SUPPLIED INFORMATION
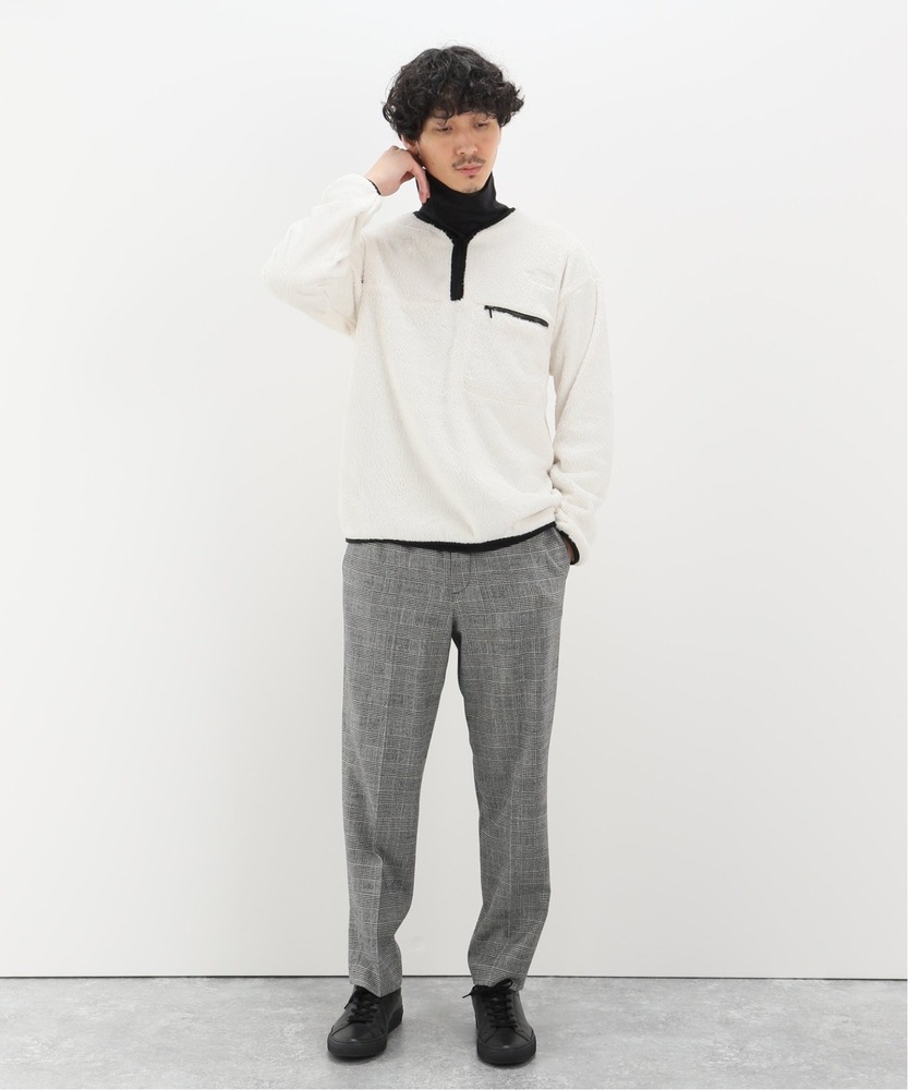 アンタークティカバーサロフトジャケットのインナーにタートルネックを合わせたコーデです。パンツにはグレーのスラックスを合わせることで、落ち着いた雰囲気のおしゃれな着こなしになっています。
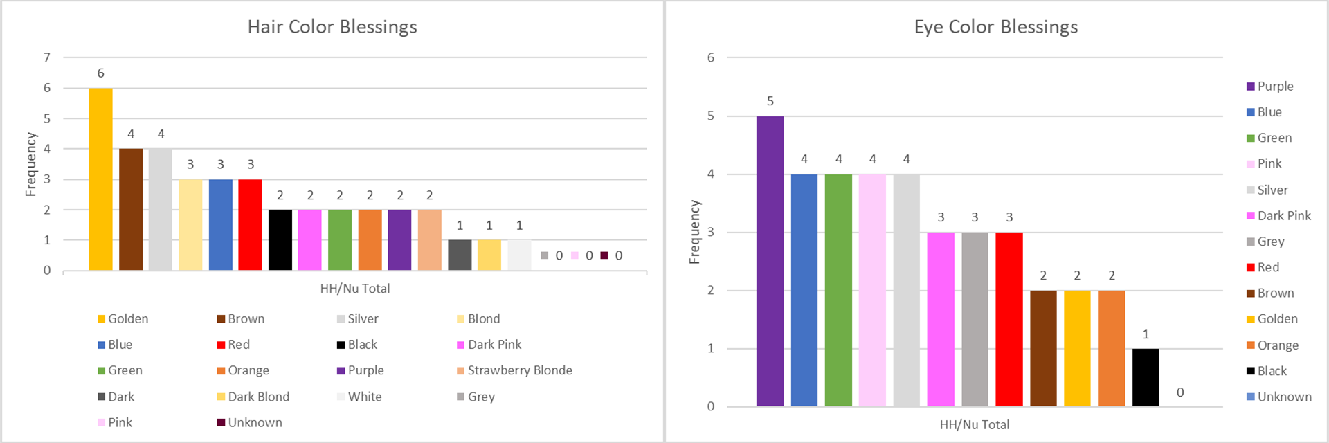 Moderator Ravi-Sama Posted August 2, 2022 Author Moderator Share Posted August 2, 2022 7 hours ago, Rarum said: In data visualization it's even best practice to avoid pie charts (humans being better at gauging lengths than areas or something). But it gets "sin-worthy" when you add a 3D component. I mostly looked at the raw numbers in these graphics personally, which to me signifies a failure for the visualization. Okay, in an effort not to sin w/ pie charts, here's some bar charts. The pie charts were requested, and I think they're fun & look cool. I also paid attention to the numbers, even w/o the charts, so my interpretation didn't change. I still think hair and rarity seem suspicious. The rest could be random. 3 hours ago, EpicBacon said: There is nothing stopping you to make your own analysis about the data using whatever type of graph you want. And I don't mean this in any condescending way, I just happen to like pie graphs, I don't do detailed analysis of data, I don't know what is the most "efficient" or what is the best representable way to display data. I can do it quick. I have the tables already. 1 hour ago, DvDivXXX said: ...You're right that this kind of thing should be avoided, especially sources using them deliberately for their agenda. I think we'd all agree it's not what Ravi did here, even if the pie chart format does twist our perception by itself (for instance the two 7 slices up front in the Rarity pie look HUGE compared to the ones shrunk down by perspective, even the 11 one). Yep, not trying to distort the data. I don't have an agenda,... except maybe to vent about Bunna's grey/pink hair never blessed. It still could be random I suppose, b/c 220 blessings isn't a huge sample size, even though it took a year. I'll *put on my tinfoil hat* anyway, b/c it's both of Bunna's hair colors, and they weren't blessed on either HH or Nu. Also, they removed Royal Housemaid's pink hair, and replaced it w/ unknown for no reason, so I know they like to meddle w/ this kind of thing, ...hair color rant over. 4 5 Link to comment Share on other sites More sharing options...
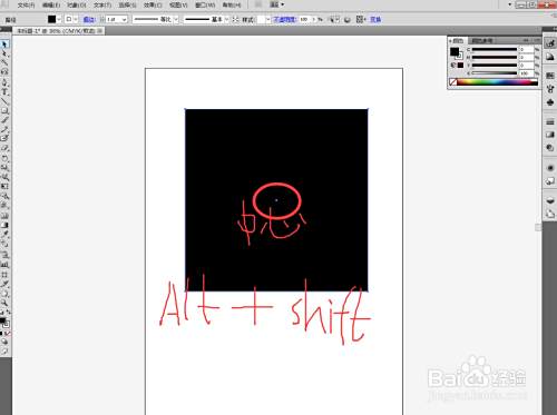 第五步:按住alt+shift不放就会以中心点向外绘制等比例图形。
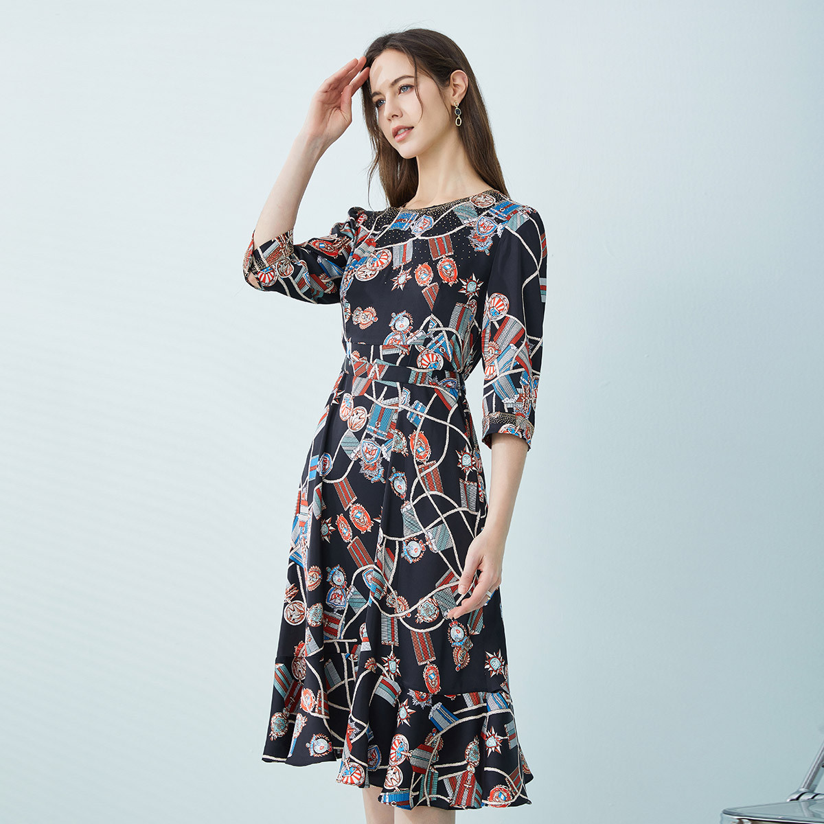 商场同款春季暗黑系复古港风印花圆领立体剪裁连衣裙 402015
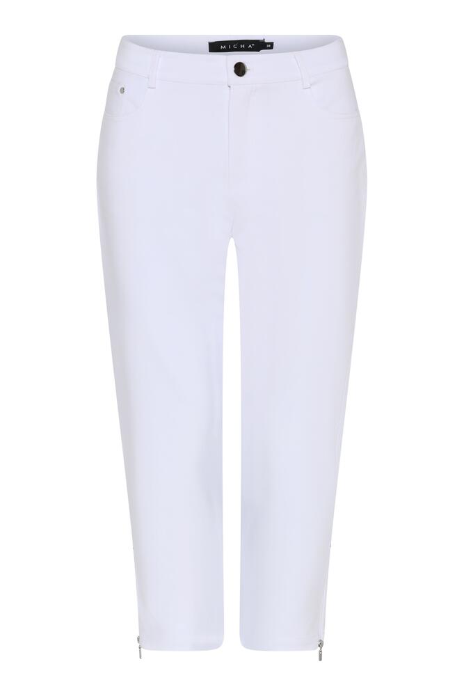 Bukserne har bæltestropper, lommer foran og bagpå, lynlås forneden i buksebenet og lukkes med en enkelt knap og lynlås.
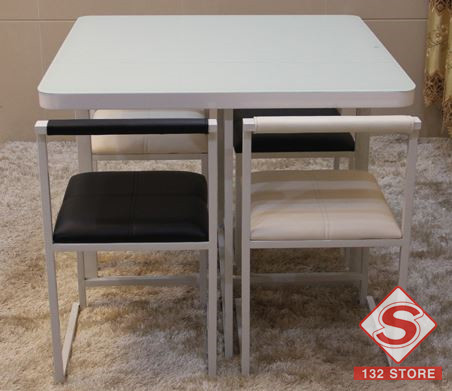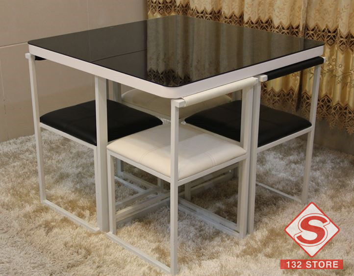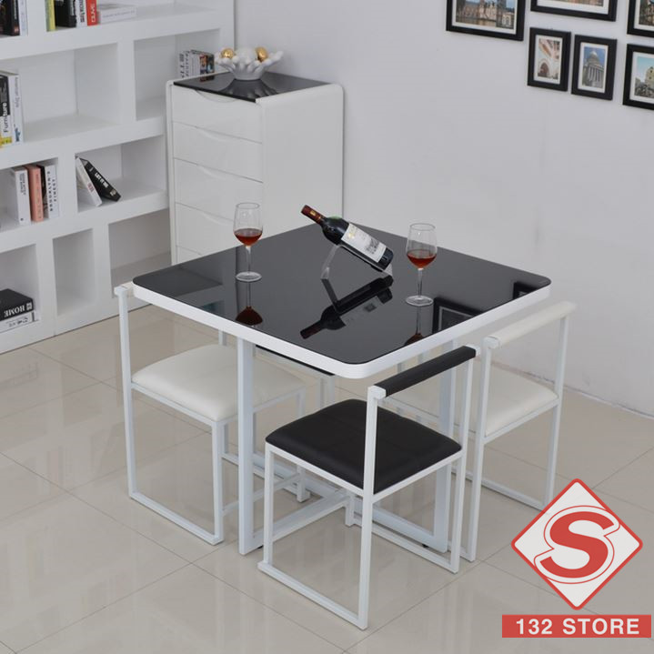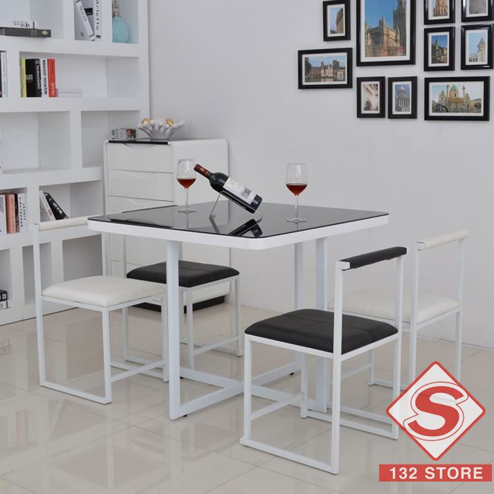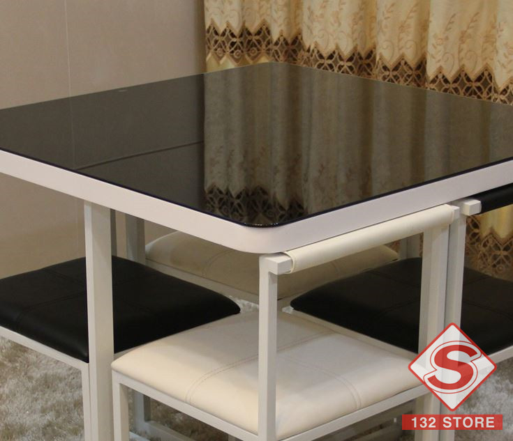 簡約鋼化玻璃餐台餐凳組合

THE TASK
Quote exactly, and nothing besides, the lines from the one with "第五步:按住alt+shift不放就会以中心点向外绘制等比例图形。" through the end of the records above; include both ends and omit the pictures.

SOLUTION
 第五步:按住alt+shift不放就会以中心点向外绘制等比例图形。
 商场同款春季暗黑系复古港风印花圆领立体剪裁连衣裙 402015
 Bukserne har bæltestropper, lommer foran og bagpå, lynlås forneden i buksebenet og lukkes med en enkelt knap og lynlås.
 簡約鋼化玻璃餐台餐凳組合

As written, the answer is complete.